Is it really GONE gone?

Have you ever wondered what actually happens to the alcohol you cook with? When it just "evaporates" into thin air, and your tipsy treat turns into a mellow meal?

That didn't exactly sound how I had hoped. It made the later dish sound boring...something it most certainly is not! I have made some of the most delicious sauces by adding just a touch of white wine. Or gravy! Don't even get me started with the turkey gravy my uncle made a few thanksgivings past. I still remember that gravy.

But I digress.

I do wonder what happens to that alcohol. Which is why I am on a mission to find out. Walk with me for a bit.

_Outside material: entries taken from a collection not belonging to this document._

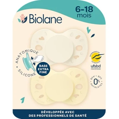 Respect for oral development: Biolane teats have an extra-fine base (-40% compared to a standard pacifier) that allows good lip closure, limits the risk of dental gaping and ensures the proper oral development of your baby ANATOMIC AND ERGONOMIC TEATS: The Biolane teat is reversible, it allows your baby to put it in the mouth easily, on either side; ergonomic, it will always be well positioned RECOMMENDED BY HEALTH PROFESSIONALS: Biolane teats have been designed in collaboration with health professionals; they are also recommended by the French Union for Oral Health (UFSBD), a public body committed to the prevention of oral health Soft and comfortable: The silicone nipple is soft and pleasant, ensuring optimal comfort for your baby. The butterfly shape of the shield is hollowed out at the nose so as not to hinder breathing; The shield is made of ventilation holes which protect your baby's skin from irritation SAFE AND RENEWABLE MATERIALS: Biolane pacifiers are designed with renewable materials (ISCC+ certified); they are guaranteed 0% BPA, BPS and phthalates and are made in Europe
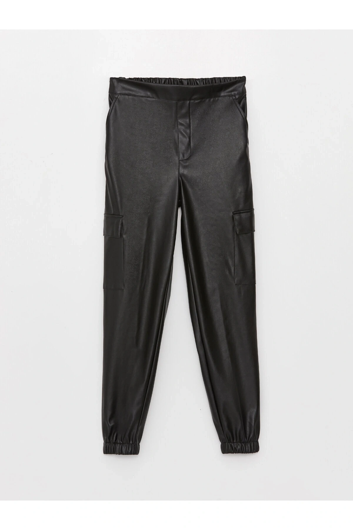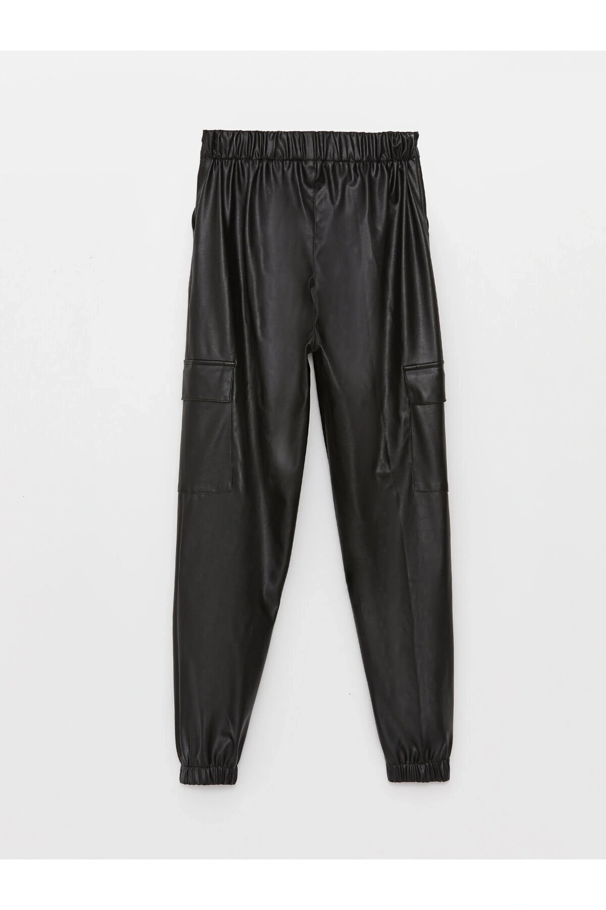 Beli Lastikli Deri Görünümlü Kız Çocuk Jogger Pantolon
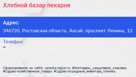 Хлебной базар, пекарня по адресу 346720, Ростовская область, Аксай, проспект Ленина, 12 в дальнейшем Организация, размещена в следующих категориях:
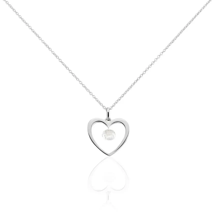 Collier Argent Blanc 925/1000 C艙ur Oxydes De Zirconium Percés Maille Forçat 45cm
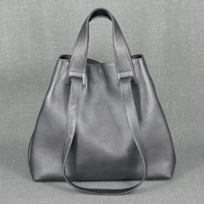 Сумка шкіряна жіноча 560115 нікель з подвійними ручками
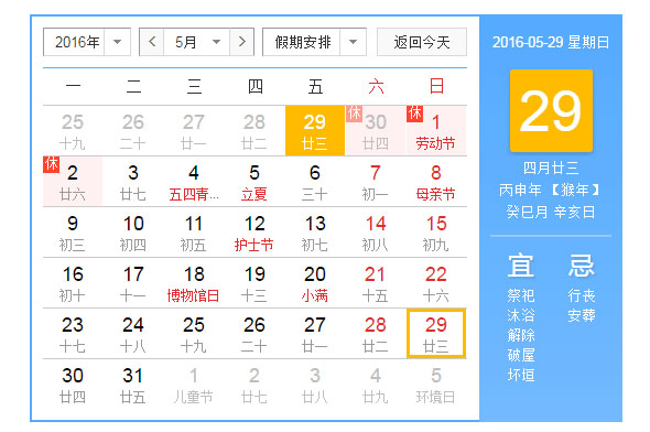 勞動節(jié): 2016年4月30日至5月2日,共3天。5月3日(周一)上班。

I found that my answer was not far from my grasp. In fact, the first time I typed "does alcohol evaporate when you cook it?" into my search bar, I was immediately brought to this chart, courtesy of http://www.betterendings.org/Recipes/cookal.htm:

PREPARATION METHOD

Alcohol
Retained

No heat application, immediate consumption

100%

No heat application, overnight storage

70%

Alcohol ingredient added to boiling liquid, and removed from heat

85%

Flamed

75%

Baked, approximately 25 minutes, alcohol ingredient on surface of mixture (not stirred in)

45%

Baked/simmered, alcohol ingredient stirred into mixture

15 minutes
30 minutes
1 hour
1.5 hours
2 hours
2.5 hours




40%
35%
25%
20%
10%
5%


It doesn't get much simpler than that, so I'm not even going to try and complicate it just to sound wise in the ways of science.

In the words of Bill Nye regarding the case of the missing alcohol: "NOW YOU KNOW!"